We searched the Cochrane Hepato-Biliary Group Controlled Trials Register, the Cochrane Central Register of Controlled Trials (CENTRAL), MEDLINE, EMBASE, and ISI Web of Science to September 2012. We handsearched meeting abstracts from ASCO, ESMO, AASLD, EASL, APASL, and references of articles. We also contacted researchers in the field (last search September 2012).
We considered for inclusion randomised clinical trials investigating the effects of RFA versus placebo, no intervention, or any other therapeutic approach on hepatocellular carcinoma patients regardless of blinding, language, and publication status.
Two review authors independently performed the selection of trials, assessment of risk of bias, and data extraction. We contacted principal investigators for missing information. We analysed hazard ratios (HR) as relevant effect measures for overall survival, two-year survival, event-free survival, and local recurrences with 95% confidence intervals (CI). In addition, we analysed dichotomous survival outcomes using risk ratios (RR). We used trial sequential analysis to control the risk of random errors ('play of chance').

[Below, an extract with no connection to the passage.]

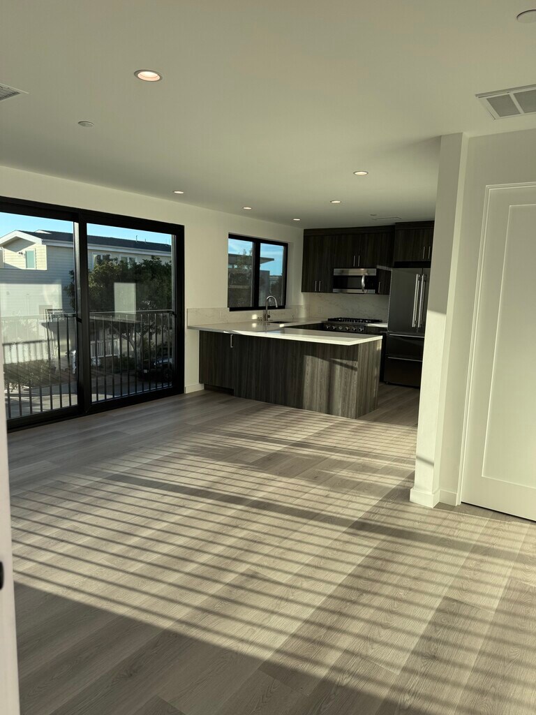 Apartment Description You could be the first resident of this spacious, open concept, ocean view, 2 blocks to the Manhattan Strand one bedroom that was remodeled to the studs in 2025. Every aspect of this luxurious apartment is new including: Large 15’x 11’ ocean view living area 14’ 3 panel sliding door Large 15’x’11’ bedroom Built in closet by California Closets Full commercial kitchen with ocean view Stainless Steel gas range Over Range Stainless Steel microwave Large Stainless Steel refrigerator with ice maker Stainless Steel dishwasher Quartz countertops Large 7’10” peninsula New, soft close cabinetry with ample storage In unit washer and dryer Large fully appointed Bathroom Fully tiled frameless glass shower Lighted bathroom mirror New quartz countertop All new cabinets with soft close hinges and ample storage Recessed, dimmable lighting throughout Fully air conditioned Double paned windows New LVP flooring throughout Floor to ceiling drapes One designated parking spot

We identified no trials comparing RFA versus placebo, no intervention, or liver transplantation. We identified and included 11 randomised clinical trials with 1819 participants that included four comparisons: RFA versus hepatic resection (three trials, 578 participants); RFA versus percutaneous ethanol injection (six trials, 1088 participants) including one three-armed trial that also investigated RFA versus acetic acid injection; RFA versus microwave ablation (one trial, 72 participants); and RFA versus laser ablation (one trial, 81 participants). Ten of the eleven included trials reported on the primary outcome of this review, overall survival. Rates of major complications or procedure-related deaths were reported in 10 trials. The overall risk of bias was considered low in five trials and high in six trials. For a subgroup analysis, we included only low risk of bias trials. Regarding the comparison RFA versus hepatic resection, there was moderate-quality evidence from two low risk of bias trials that hepatic resection seems more effective than RFA regarding overall survival (HR 0.56; 95% CI 0.40 to 0.78) and two-year survival (HR 0.38; 95% CI 0.17 to 0.84). However, if we included a third trial with high risk of bias, the difference became insignificant (overall survival: HR 0.71; 95% CI 0.44 to 1.15). With regards to the outcomes event-free survival and local progression, hepatic resection also yielded better results than RFA. However, the number of complications was higher in surgically treated participants (odds ratio (OR) 8.24; 95% CI 2.12 to 31.95). RFA seemed superior to percutaneous ethanol or acetic acid injection regarding overall survival (HR 1.64; 95% CI 1.31 to 2.07). The RR for mortality was also in favour of RFA, but did not reach statistical significance (150/490 (30.6%) people in the percutaneous ethanol or acetic acid group versus 119/496 (24.0%) people in the RFA group; RR 1.76; 95% CI 0.97 to 3.22). The proportion of adverse events did not differ significantly between RFA and percutaneous ethanol or acetic acid injection (HR 0.70; 95% CI 0.33 to 1.48). Trial sequential analyses revealed that the number of participants in the included trials was insufficient and that more trials are needed to assess the effects of RFA versus other interventions.